What Vishen Lakhiani Taught Us About Love, Marriage, and Divorce [Profound!]
Last week, spiritual entrepreneur and the founder of self-development company Mindvalley (and fellow Malaysian) Vishen Lakhiani revealed to the world that he and his wife of 19 years is getting a divorce.
But instead of the usual messy, hate-filled tirade, he and his now ex-wife decided to forego the society-imposed norms of divorce and go through a “conscious uncoupling”.
He didn’t define what that meant, but I can imagine (with whatever comprehension I can gather from his own words) that it means they are going to celebrate the beautiful life they’ve built together for 19 years and simply... part ways.
There’s something so beautiful to be said about the couple’s decision.
First of all, it’s their wildly profound understanding that nothing in life lasts forever - material or otherwise - and sadly, this includes sentient beings like you and I and our loved ones.
Secondly, it is the sage-like willingness to simply surrender to what is. They did not force nor resist change; they merely acknowledged that their time as a couple has come to an end and moved on.
How Vishen and Kristina Did It
Let me start by saying that the idea of “conscious uncoupling” isn’t new. Celebrities Gwyneth Paltrow and Chris Martin uncoupled in such way when they divorced, and there are even books written about it.
But that’s also where we - the rest of humanity - comes in. We can either be outsiders looking in, forcing an antiquated idea about love and marriage, or we can leave with a token of lesson from people who have done it better than anyone else.
Are you willing?
While many of Vishen’s followers celebrated the “conscious uncoupling,” there are still many who could not grasp the concept because they have accepted the generations-long, human-constructed traditions as the “norm.”
Some go as far as to say that the couple is glorifying divorce, while stamping his marriage as having “failed”. But as far as the Internet army goes, little do they realise that they are simply offended by other people’s freedoms - the freedom that they themselves do not possess nor are able to practice.
So when a “brule”-breaking person comes along and shows that they can withstand a very human challenge (in this case, a divorce) with more class and finesse - and dare I say, even joy? - the entire world’s minds implode.
“Just what sorcery is this? Husband and wives with children are now divorcing like there’s nothing wrong?!”
No, actually there isn’t anything wrong with it. What’s really wrong is people who get married with a perverse sense attachment and expectation of what a relationship and marriage should be.

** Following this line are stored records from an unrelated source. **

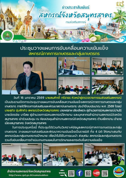 >>วันที่ 16 มกราคม 2569 นายสมศักดิ์ กรีธาธร หัวหน้าผู้ตรวจราชการรมส่งเสริมสหกรณ์ เป็นประธานเปิดการประชุมวางแผนการขับเคลื่อนความเข้มแข็งสหกรณ์ภาคการเกษตรและกลุ่มเกษตรกร ภายใต้โครงการส่งเสริมและพัฒนาสถาบันเกษตรกร ประจำปีงบประมาณ พ.ศ. 2569 โดยมี นายสุกิจ ชุ่มฟักกิจ สหกรณ์จังหวัดสมุทรสาคร นายพรเทพ เสียงไพเราะ ผู้อำนวยการนิคมสหกรณ์บ้านไร่ นายฉัตรชัย บาไสย ผู้อำนวยการนิคมสหกรณ์โคกขาม และบุคลากรสำนักงานสหกรณ์จังหวัดสมุทรสาคร เข้าร่วมประชุม ณ ห้องประชุมสำนักงานสหกรณ์จังหวัดสมุทรสาคร ตำบลโคกขาม อำเภอเมืองสมุทรสาคร จังหวัดสมุทรสาคร
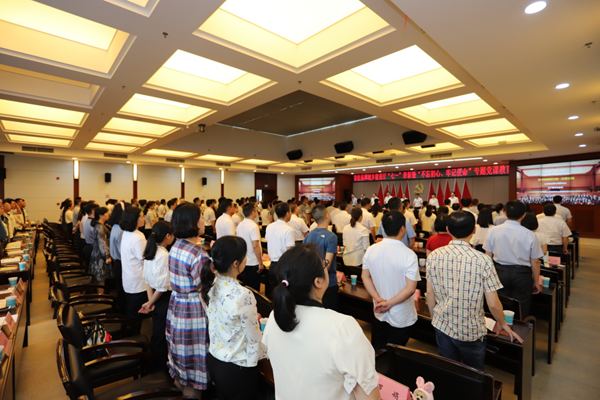 红火七月,党旗飘扬,7月5日下午,省住房和城乡建设厅“七一”表彰暨“不忘初心、牢记使命”专题党课教育隆重举行。厅直机关全体在职党员及入党申请人、厅离退休党总支支委成员及受表彰对象共190余人参加会议。党组副书记、副厅长舒行钢主持会议。
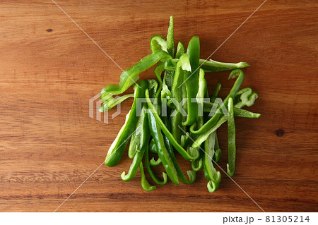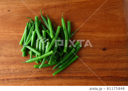 茹でて半分に切ったサヤインゲン 俯瞰撮影
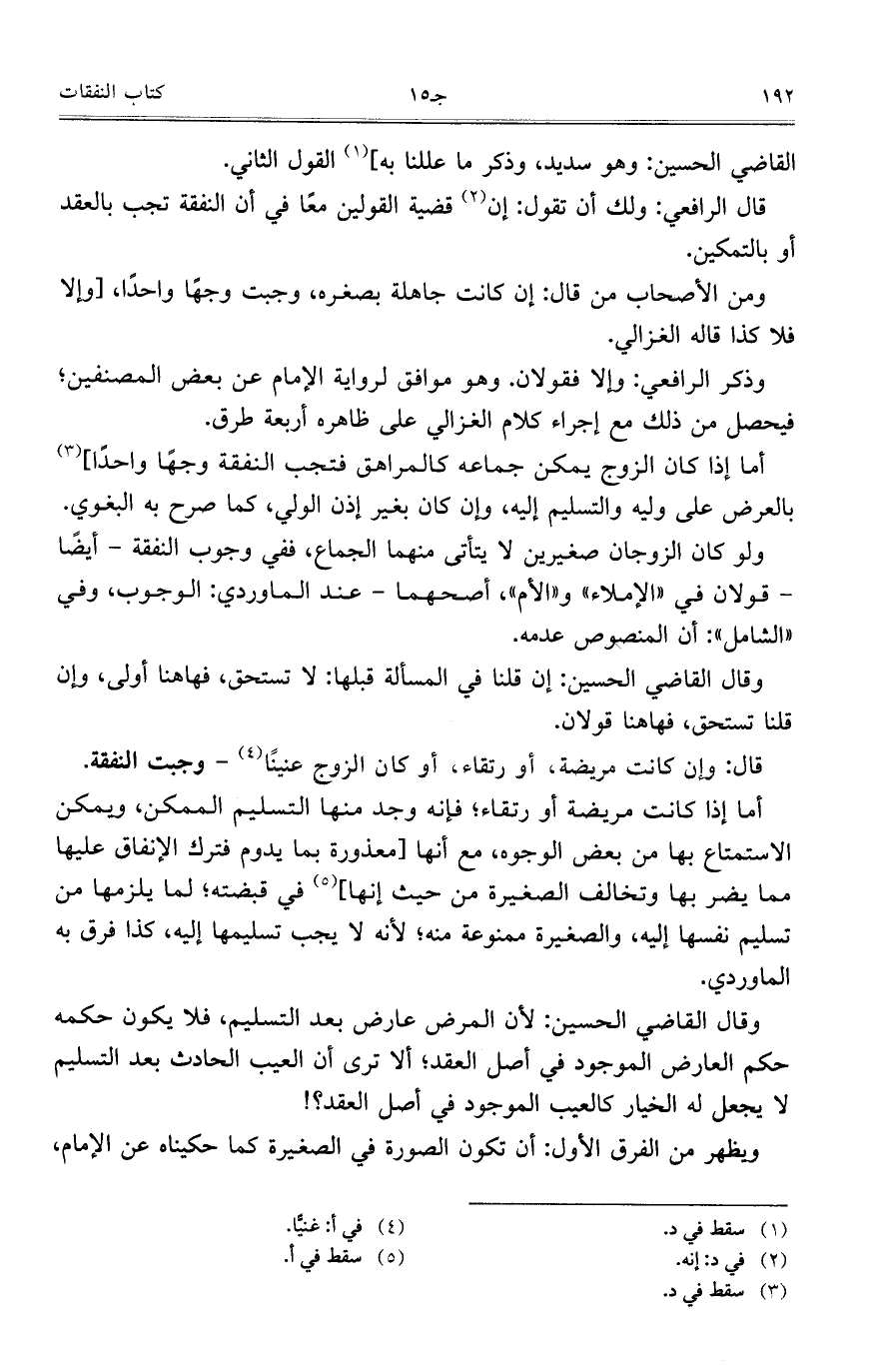 قال الرافعي: ولك أن تقول: إن قضية القولين معاً في أن النفقة تجب بالعقد أو بالتمكين.
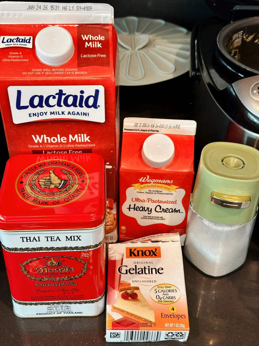 ➡️因为泰茶本身含糖,所以额外的糖不需要特别多。奶油量刚刚好creamy不腻,吉利丁刚好能凝结但不会太硬。
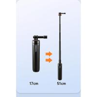 【2イン1デザイン】折りたたみ可能な脚を内蔵した自撮り棒と三脚の完璧な組み合わせです。 広げると、どんな水平面でも支えることができます。ビデオ録画用のデスクトップ三脚として使用することができます。
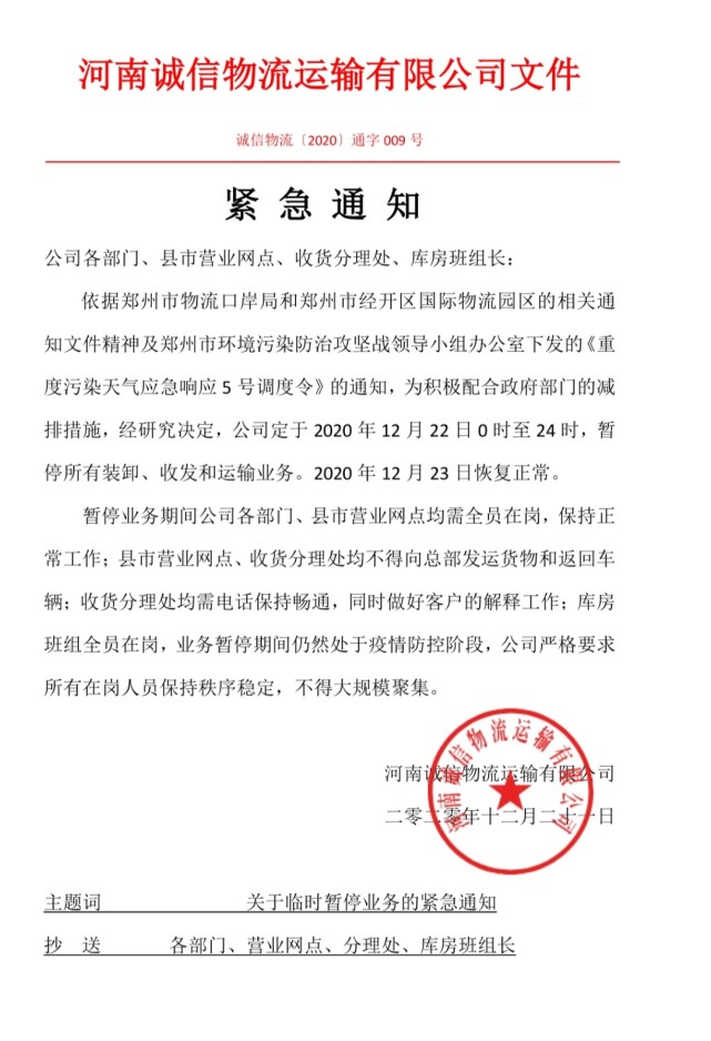 2020年12月22日,郑州市经开区的诚信物流、鸿泰物流等暂停营运一天,细心的商户发现了这一情况。诚信物流董事长杨登攀解释,这是为配合郑州市环境污染防治攻坚而做出的只是短期行为的临时业务调整,和春节放假没有关系。

What is “marriage”? And why does one need “marriage” to complete “love”? Why do people get married… in sickness and in health, ‘til death do you part?
Which, by the way, sounds a lot like the premise of serial murder-thriller.
Decoding the Myth of Love, Marriage and Divorce
So I say this:
If you are seeking love, free yourself from all expectations. Give yourself a greater idea of the kind of partner you’re seeking and attract, script or manifest the person into your life. And then, simply let go. Give trust to the universe that the right person will be attracted to you as long as you are clear about who it is that you wish to attract.
I come across so many young women who are seeking love and yet they are out there seeking specifically only love at this moment. So much so that they don’t realise that sometimes love requires time to nurture and grow.
Love is ever evolving - because love is a form of energy, that means relationships by universal law will flow into your life and then right out through you.
Be good to everyone you meet - even those who are not quite your love interests. Because the stranger you met yesterday may blossom into the lover of your dreams in years to come. In that time, you will have also grown into new interests, passions, and coincidentally, an entirely different idea of what your ideal partner is. Thus, love is ever evolving.
Then, if you already have love, don’t try desperately to keep it - especially when the flames have fizzled out. Attachment is the barrier to growth - this is a universal law. It is what happens when you resist the flow of energy and hold on to the vestiges of a lost relationship.
You know exactly what I’m talking about. There’s always that one relationship in your life where you’ve convinced yourself, “we’re going to be together forever” or “this one will be the exception.” But it didn’t quite work out that way and you resist because you believe you should be together despite knowing that the time is up and you need to move on to bigger and better things.
Release all forms of attachment. We are all energy and energy needs to flow into you, affect you in its own mysterious way, and then flow right through you. If love has affected you negatively, release it. If love has affected you positively, also release it. Because love is energy and energy needs to be spent in order for it to grow.
Expectations limit your potential for love. It limits your understanding of what love is - a flow of energy through time and space. Be okay with the fact that you may not find love and be okay with the fact that the love you have may not last.
This, in turn, puts you in a place of complete self awareness and self-sustenance where love is free to roam where it wishes to.